A popular feature of many real estate websites is the ability to search for neighborhood- and town-level statistics on crime, rated school quality, income, age, concentration of school-age children, and a host of other demographic variables. Now the National Fair Housing Alliance, the busy group that has extracted tens of millions of dollars from other businesses through complaints and litigation, says it is considering complaints against sites that offer search for information related to forbidden fair housing categories (race, national origin, family structure, and others) and either offer real estate for sale or refer business to real estate agencies. Site operators object that the offending information typically comes from the U.S. Census Bureau itself and that consumers could still obtain such information online, if a bit less conveniently, even if real estate sites stopped offering it. [Kenneth Harney, Washington Post/syndicated]
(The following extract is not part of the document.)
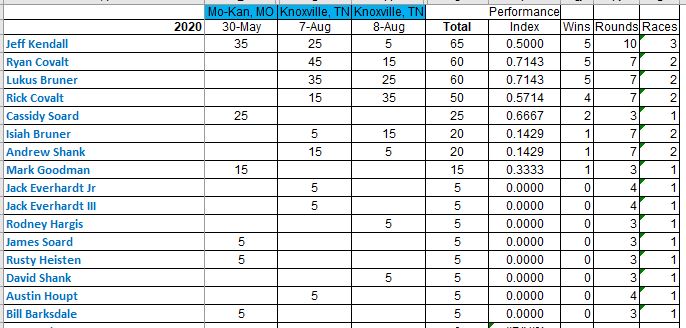 Here are the updated National points after the Clay City race. Next on the docket is the Mason-Dixon race in Boonsboro, MD hosted by the Covalt Clan. Will they have enough to catch that upstart Rookie from Oklahoma...? Tune in the weekend of 9-11 October to find out!

Commenter Eric Rasmusen at Prof. Bainbridge, via Maitland, quotes Sir Frederick Pollock, Principles of Contract, originally published in 1876:
…the Roman invention, adopted and largely developed in modern systems of law, of constituting the official character of the holders for the time being of the same office, or the common interest of the persons who for the time being are adventurers in the same undertaking, into an artificial person or ideal subject of legal capacities and duties.
To put it differently, the law’s handling of enterprises as people was old news in Roman times. More on the misguided attack on rights-bearing by business organizations: Josiah Neeley, Matt Yglesias (“5 mistakes liberals make about corporate personhood and Hobby Lobby”).
No misprint, the kid’s age was 11. [Lenore Skenazy, Reason; Bristol, Ct.] Related, from Free-Range Kids: “Kid, 8, Skips Church to Play. Dad Arrested” (Blanchester, Ohio). More: Radley Balko (“the criminalization of parenthood”).